Courtesy of Cornelis Verbeeck [Public domain], via Wikimedia Commons

Wild ponies have lived on the island since the 1600s, when a Spanish galleon carrying a cargo of horses sank offshore. Some of the horses survived and swam ashore to Assateague, where they adapted to the marshes, forests, and sand dunes of the island.

Starting in the 1920s, residents of Chincoteague (pronounced SHINK-uh-teeg by locals) began an annual tradition of rounding up the wild horses and swimming them across the channel to Chincoteague Island to auction off foals. After a few days of auctioning, the remaining horses swim back to Assateague. This tradition has helped keep the population of the ponies under control so they can continue to thrive on the island.

Misty of Chincoteague
The kids read the famous book Misty of Chincoteague by Margaurite Henry before we visited and learned all about this annual tradition.

Visiting Assateague and Chincoteague

We spent the morning of our visit on Assateague Island. The kids were super stars and completed two Junior Ranger badges, one from the Chincoteague National Wildlife Refuge and one from the Assateague National Seashore.

Assateague Island Junior Ranger Badge

Chincoteague National Wildlife Refuge Junior Refuge Manager

Then we drove around to see the wild horses and stopped at the beach for lunch.

Wild Assateague Ponies

During the afternoon we drove around the town of Chincoteague. We found some tasty homemade ice cream, bought fresh steamed crabs and clams from Gary Howard Seafood, and bought a couple of hermit crabs for Nathan. He’s been begging for a pet to take care of for a couple of years now and we figured hermit crabs would be a good start in our small living space.

Island Creamery Homemade Ice Cream

Great place for takeout crab, oysters, and clams

Fresh steamed crab!

Posing with Misty

New pets – Hermit crabs

This was a fun outing to a unique place. Misty of Chincoteague is a great read for kids and, if you can find a copy, the movie is pretty good, too.

Junior Ranger Badges

  • Chincoteague National Wildlife Refuge
  • Assateague National Seashore

Travel Tips:

Chincoteague pronunciation – We didn’t know quite how to say this word until we visited and found out how the locals say it. They pronounce it SHINK-uh-teeg.

Chesapeake Bay Bridge-Tunnel

  • The tunnel clearance is 13’6″ and RVs are allowed to go through, but you have to stop at a propane check station before entering to verify your tanks are shut off.
  • You can find out what the toll will be here. It was $22 for us towing a 5th wheel.
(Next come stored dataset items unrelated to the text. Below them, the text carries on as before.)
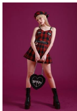
トップス 9,900円(税込) スカート 13,200円(税込)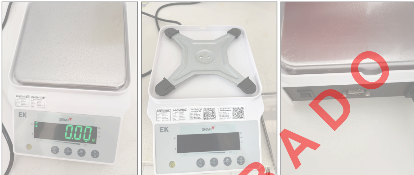
Fig 1. Vista general del equipo (Frontal, Lateral y Posterior)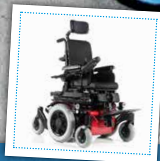
Zippie Salsa M2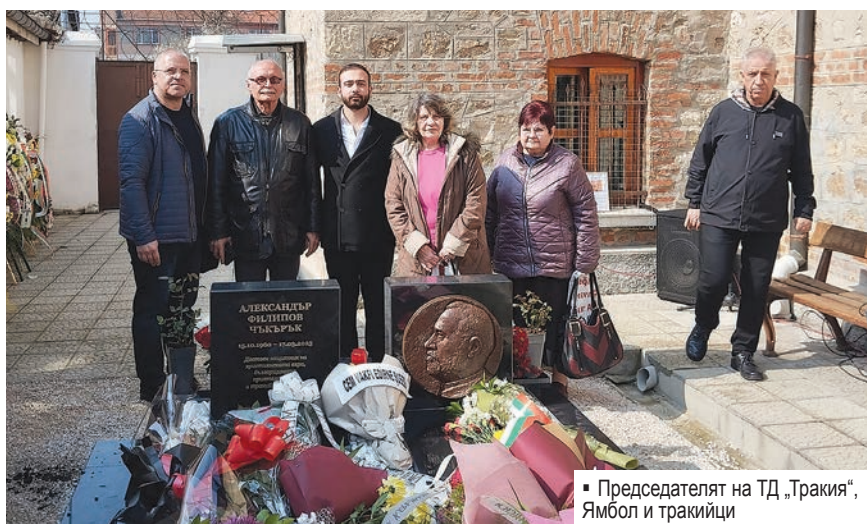
▪ Председателят на ТД „Тракия“, Ямбол и тракийци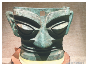
三星堆的青铜面具。

近日，纪录片《何以中国》在东方卫视播出，引发诸多关注。该片立足于“中华文明探源工程”和“考古中国”的重大研究成果，系统性追溯了中华文明的根基、起源、形成与早期发展的历程，力图让观众提供“何以中国”的答案。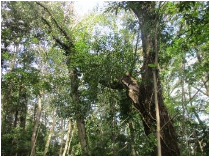
折枝の上部をロープで引く(1.5t) が変化なし 中断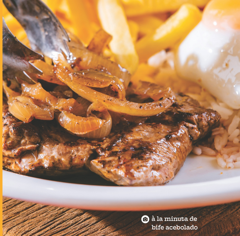
☉ à la minuta de bife acebolado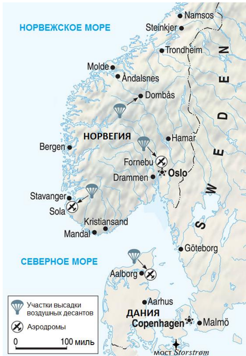
Участки высадки немецких воздушных десантов в Дании и южной Норвегии

Остальная часть 4-й Роты должна была захватить мост Storstrøm , достигающий в длину 3 200 метров и соединяющий острова Фальстер/Falster и Зеландия/Sjælland, и удерживать его до прибытия боевой группы (БГ) Buck (старший офицер – командир 305-го Пехотного Полка полковник Альберт Бак, 1895 - погиб под Новороссийском 06.09.1942). Мост состоял из двух пролетов, более длинный из них соединял острова Маснедо/Masnedø и Фальстер. Значительно более короткий пролет располагался между Маснедо и Зеландией. На острове Маснедо находился старый форт, который немцы считали действующим укреплением и планировали захватить, чтобы взять под контроль мост.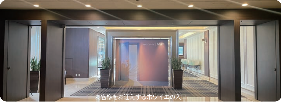
お客様をお迎えるハワイエの入口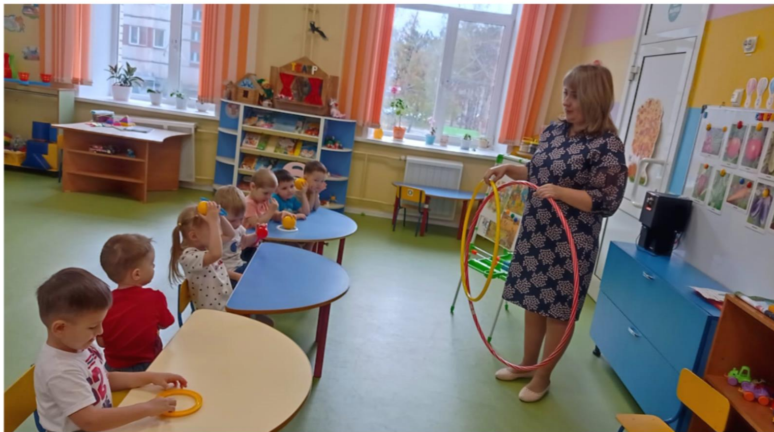
ФЭМП «Знакомство с кругом»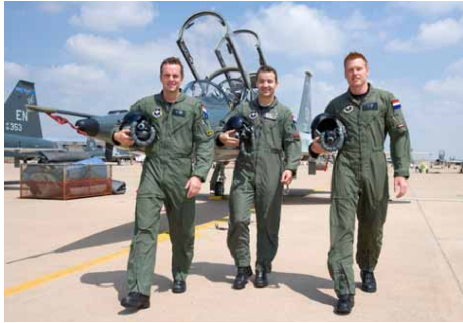
Vliegers in opleiding op Sheppard Airforce Base, Verenigde Staten.

Tijdens diverse werkbezoeken is mij duidelijk geworden dat de operationele taakuitvoering vanwege personeelstekorten steeds meer onder druk komt te staan. Ondanks enkele financiële maatregelen is de irreguliere uitstroom onverminderd hoog. Als voornaamste oorzaak noemt het personeel vooral de hoge uitzenddruk bij het thuisfront. Behoud van personeel is essentieel om het benodigde voortzettingsvermogen te kunnen handhaven. Uitbreiding en intensivering van de opleidingscapaciteit, in combinatie met verruimde inzet van reservepersoneel biedt mogelijkheden om de hoge uitzenddruk te verminderen en de uitstroom van ervaren personeel te beperken.

4 thoughts on “The Wild Ponies of Assateague and Virginia’s Eastern Shore

  1. Pam Kritzeck

    Beautiful: isn’t it? The two years I spent on the northern neck were amazing, I rented a small house on the Potomac: boat dock and all for $350 a month. I am going to look up the pictures with the snow fall. Great memories. Miss you guys!

    1. Nate Post author

      We had such a great time in that area, what an awesome place. We miss you too! We’ll be back for a few weeks this June.

  2. Cindy Judice

    I have really enjoyed reading your blogs about your family’s travels in a Fifth wheel! My husband and I have One and are able to take a few trips per year. Hopefully we will retire soon and travel more! It just so happens we were at Disney Campground around the same time y’all were at Disney.
    Love the story about the Wild ponies experience and have ordered a book for my granddaughter who loves to read.
    Keep up the great blogs and interesting travels.
    Y’all should visit Lafayette, LA “Cajun Country” especially during festival season! This weekend is Festval International.
    Safe Travels,
    Cindy Judice

    1. Nate Post author

      Glad you’re enjoying reading! We stayed overnight in Broussard earlier this year and definitely plan to visit the area again. We love the crawfish!